§ DATA:
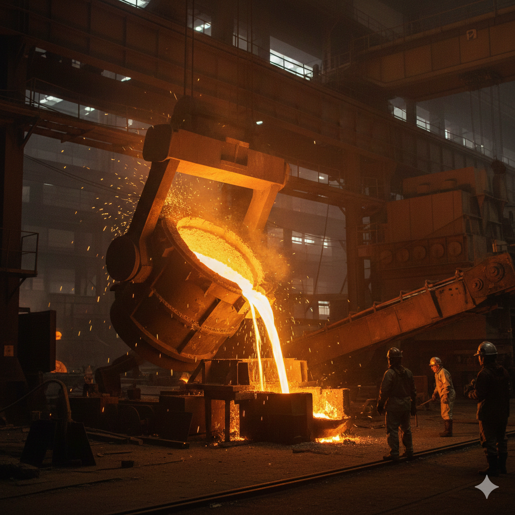 Kim loại được nấu chảy trong lò cảm ứng ở 1.400–1.500°C. Đây là giai đoạn cực kỳ quan trọng vì:
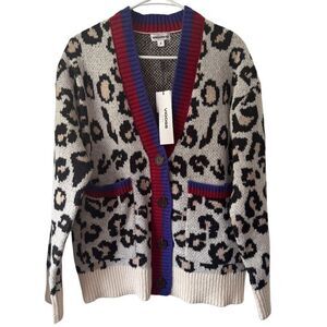 Relaxed cardigan with dropped shoulders covered in leopard pattern.
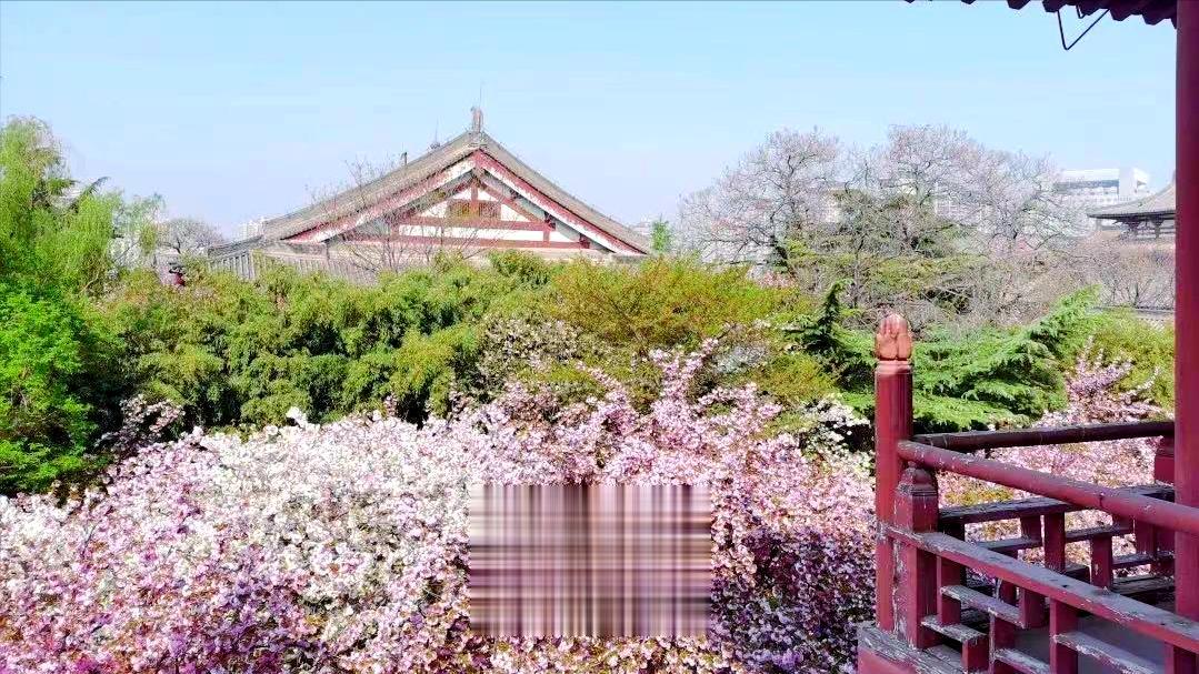 古寺的朱红院墙,是樱花最美的背景板,粉白、淡粉的花瓣依偎着斑驳古墙,青苔石阶、斗拱飞檐与繁花相映。在这里赏花,不仅能感受樱花的柔美,更能触摸盛唐文化的底蕴。
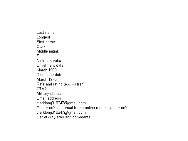 | Linder, Charles Kenneth | - | CTSN | ~1952 | - | - | Unk | R.I.P. | February 10, 2009 |
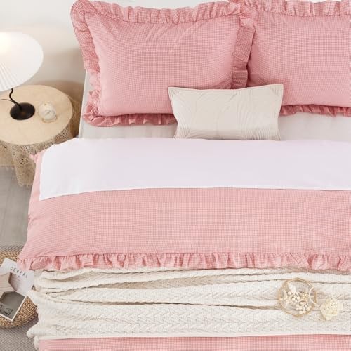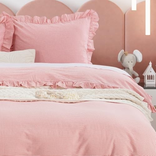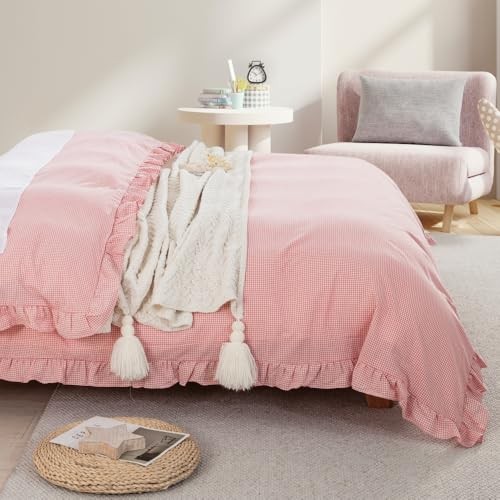 Twin XL Ruffle Duvet Cover Set, Twin XL 68X92 Cover 1 Sham Gingham Pink
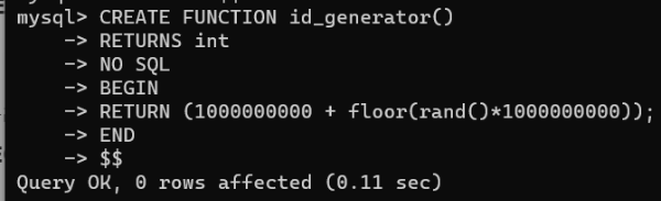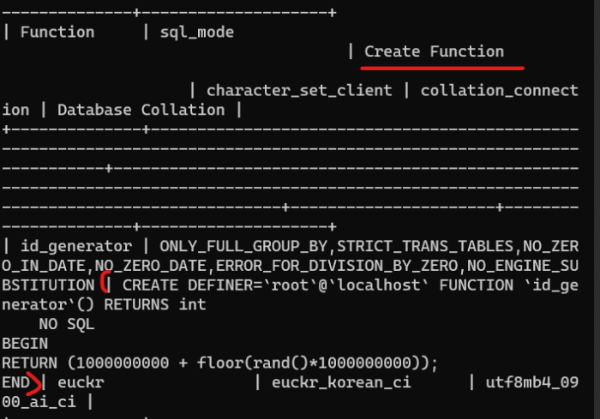 mysql> CREATE FUNCTION id_generator() 함수이름
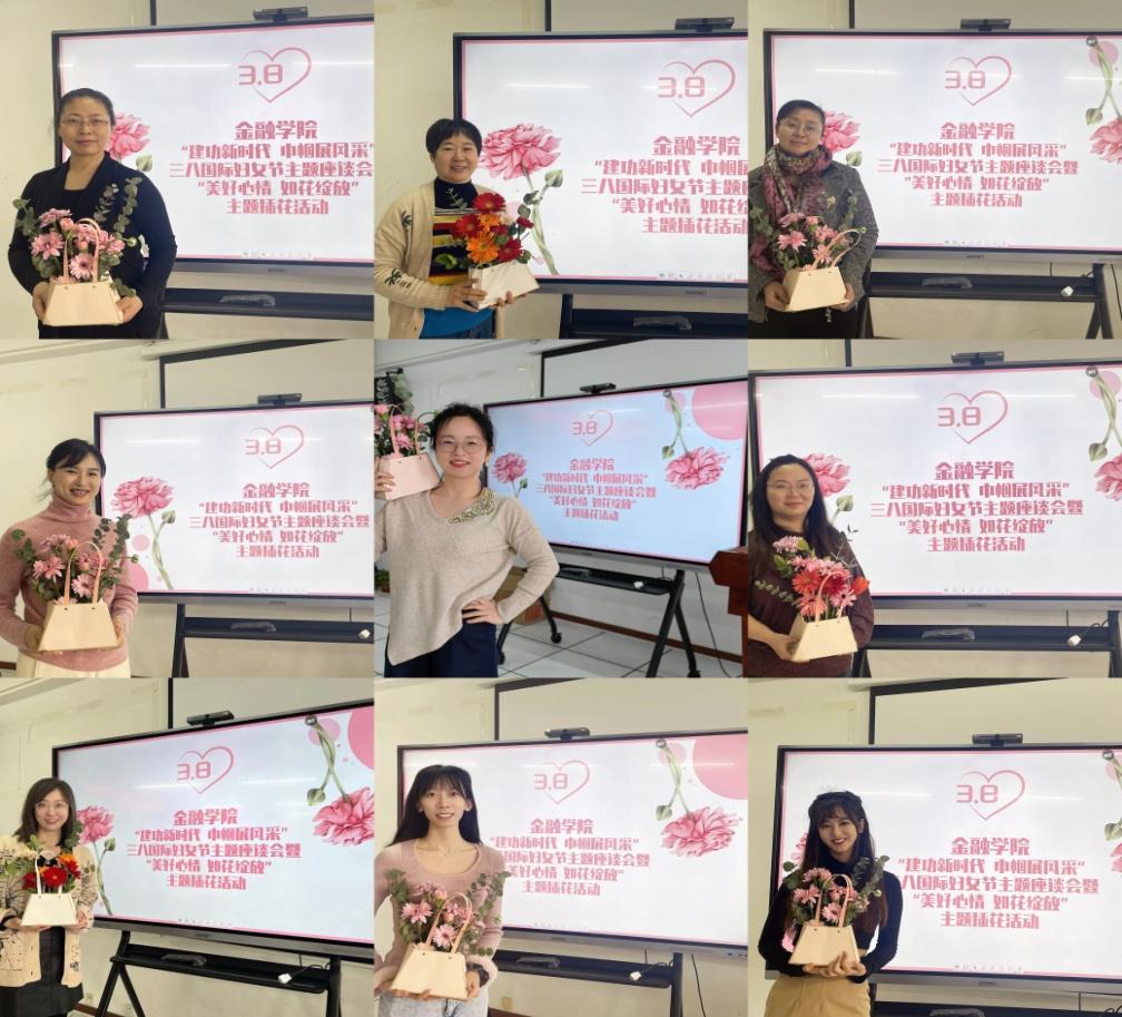 座谈会后,金融学院开展了“美好心情,如花绽放”插花活动,女教职工们以自己灵巧的双手、独特的审美,将多彩的花卉精工裁剪,整合造型,错落有致、别具心裁地组合到一起,一个个精美别致的花篮就这样诞生了,构成了一幅幅独特而又饱含深情的插花作品。娇艳的花朵辉映着女教师们灿烂的笑容,扑鼻的花香衬托出她们优雅的气质,插花活动让广大女教职工在感受美、欣赏美、创造美的过程中增进了交流、陶冶了情操,放松了心情,提升了审美情趣,达到了“愉悦心情,快乐工作”的目的,大大提高了女教职工的校园归属感和生活幸福感。插花作品完成后,大家手捧鲜花,记录下这属于自己节日的美丽瞬间。
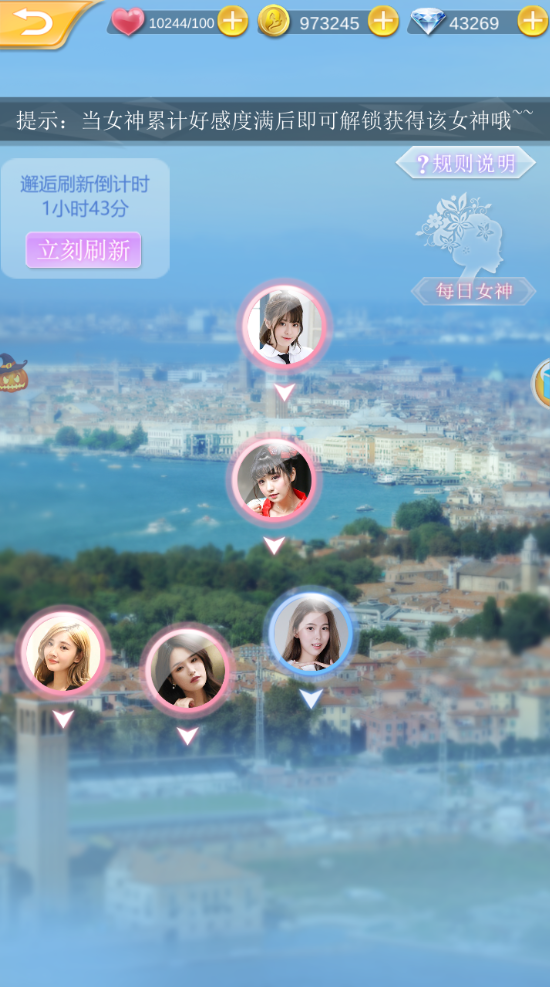 邂逅系統是《戀愛日記》所具有的獨特的玩法之一,讓你在與女神邂逅的過程中獲得女神的好感,當好感度滿瞭之後就可以獲得該女神瞭。
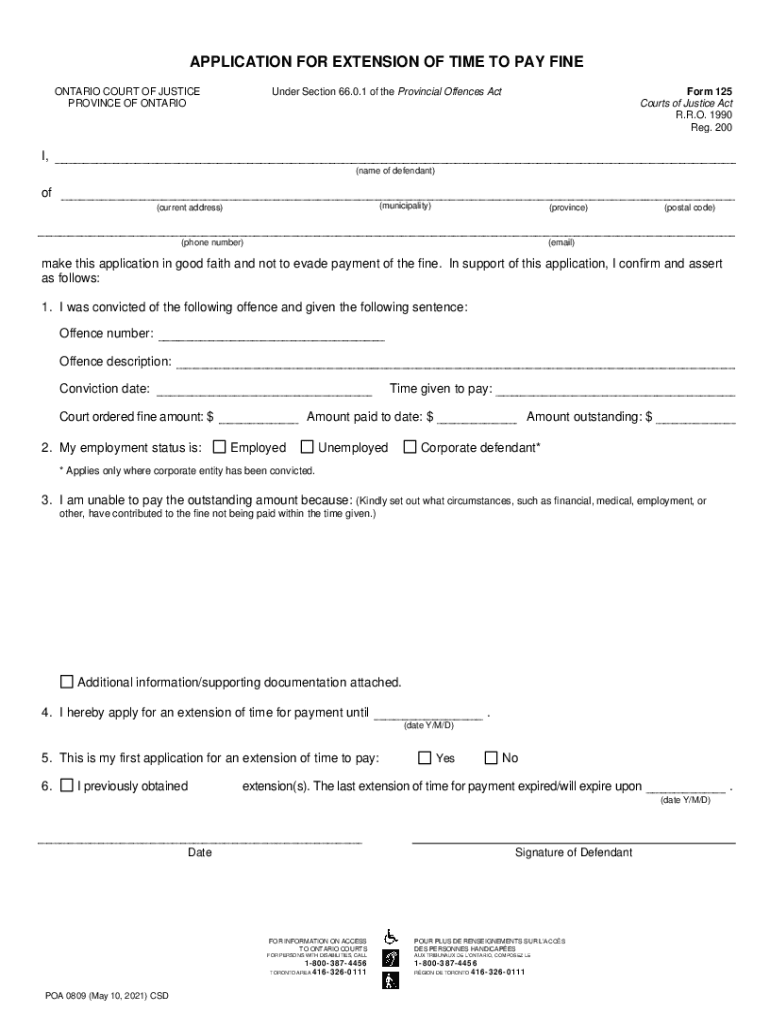 APPLICATION FOR EXTENSION OF TIME TO PAY FINE ONTARIO COURT OF JUSTICE PROVINCE OF ONTARIOUnder Section 66.0.1 of the Provincial Offenses Actor 125 Courts of Justice Act R.R.O. 1990 Reg. 200I, (name

§ PROBLEM DETAILS: Write out, word for word, the line containing "February 10, 2009 |" and each line after it to the end of the data, and nothing more. Drop the pictures.

§ WRITTEN SOLUTION:
 | Linder, Charles Kenneth | - | CTSN | ~1952 | - | - | Unk | R.I.P. | February 10, 2009 |
 Twin XL Ruffle Duvet Cover Set, Twin XL 68X92 Cover 1 Sham Gingham Pink
 mysql> CREATE FUNCTION id_generator() 함수이름
 座谈会后,金融学院开展了“美好心情,如花绽放”插花活动,女教职工们以自己灵巧的双手、独特的审美,将多彩的花卉精工裁剪,整合造型,错落有致、别具心裁地组合到一起,一个个精美别致的花篮就这样诞生了,构成了一幅幅独特而又饱含深情的插花作品。娇艳的花朵辉映着女教师们灿烂的笑容,扑鼻的花香衬托出她们优雅的气质,插花活动让广大女教职工在感受美、欣赏美、创造美的过程中增进了交流、陶冶了情操,放松了心情,提升了审美情趣,达到了“愉悦心情,快乐工作”的目的,大大提高了女教职工的校园归属感和生活幸福感。插花作品完成后,大家手捧鲜花,记录下这属于自己节日的美丽瞬间。
 邂逅系統是《戀愛日記》所具有的獨特的玩法之一,讓你在與女神邂逅的過程中獲得女神的好感,當好感度滿瞭之後就可以獲得該女神瞭。
 APPLICATION FOR EXTENSION OF TIME TO PAY FINE ONTARIO COURT OF JUSTICE PROVINCE OF ONTARIOUnder Section 66.0.1 of the Provincial Offenses Actor 125 Courts of Justice Act R.R.O. 1990 Reg. 200I, (name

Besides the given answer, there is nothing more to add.